_DIRECTIONS FOR THIS TASK_: A faithful copy of the data, pictures omitted, is the required answer.

_MATERIAL PROVIDED_:
== Segment start ==
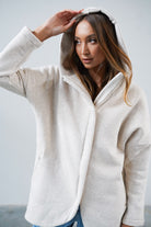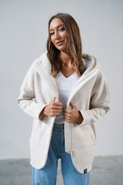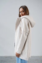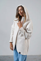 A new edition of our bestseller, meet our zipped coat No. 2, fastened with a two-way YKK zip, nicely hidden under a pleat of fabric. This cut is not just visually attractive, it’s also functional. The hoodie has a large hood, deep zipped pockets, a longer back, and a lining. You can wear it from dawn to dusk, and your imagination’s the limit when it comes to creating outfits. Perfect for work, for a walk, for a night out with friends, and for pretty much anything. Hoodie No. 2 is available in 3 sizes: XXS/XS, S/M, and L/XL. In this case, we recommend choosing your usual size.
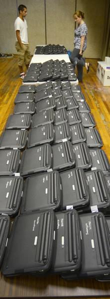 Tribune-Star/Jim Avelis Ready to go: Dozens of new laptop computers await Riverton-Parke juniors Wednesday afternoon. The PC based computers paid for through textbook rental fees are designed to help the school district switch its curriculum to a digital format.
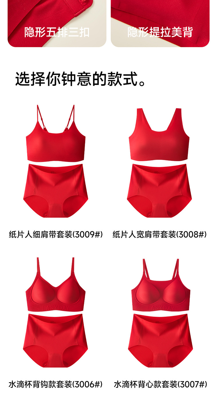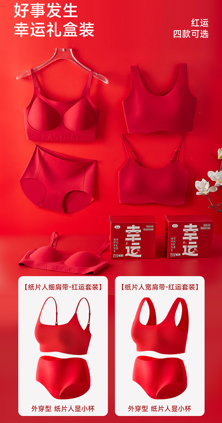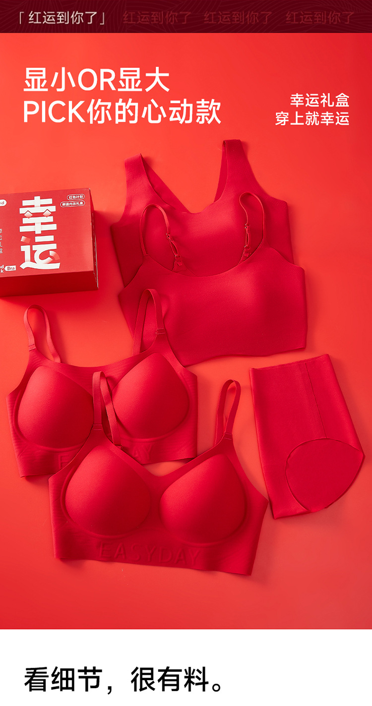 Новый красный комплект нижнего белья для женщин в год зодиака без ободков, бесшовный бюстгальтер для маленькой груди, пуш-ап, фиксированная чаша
== Segment end ==
_COMPLETED TASK_:
 A new edition of our bestseller, meet our zipped coat No. 2, fastened with a two-way YKK zip, nicely hidden under a pleat of fabric. This cut is not just visually attractive, it’s also functional. The hoodie has a large hood, deep zipped pockets, a longer back, and a lining. You can wear it from dawn to dusk, and your imagination’s the limit when it comes to creating outfits. Perfect for work, for a walk, for a night out with friends, and for pretty much anything. Hoodie No. 2 is available in 3 sizes: XXS/XS, S/M, and L/XL. In this case, we recommend choosing your usual size.
 Tribune-Star/Jim Avelis Ready to go: Dozens of new laptop computers await Riverton-Parke juniors Wednesday afternoon. The PC based computers paid for through textbook rental fees are designed to help the school district switch its curriculum to a digital format.
 Новый красный комплект нижнего белья для женщин в год зодиака без ободков, бесшовный бюстгальтер для маленькой груди, пуш-ап, фиксированная чаша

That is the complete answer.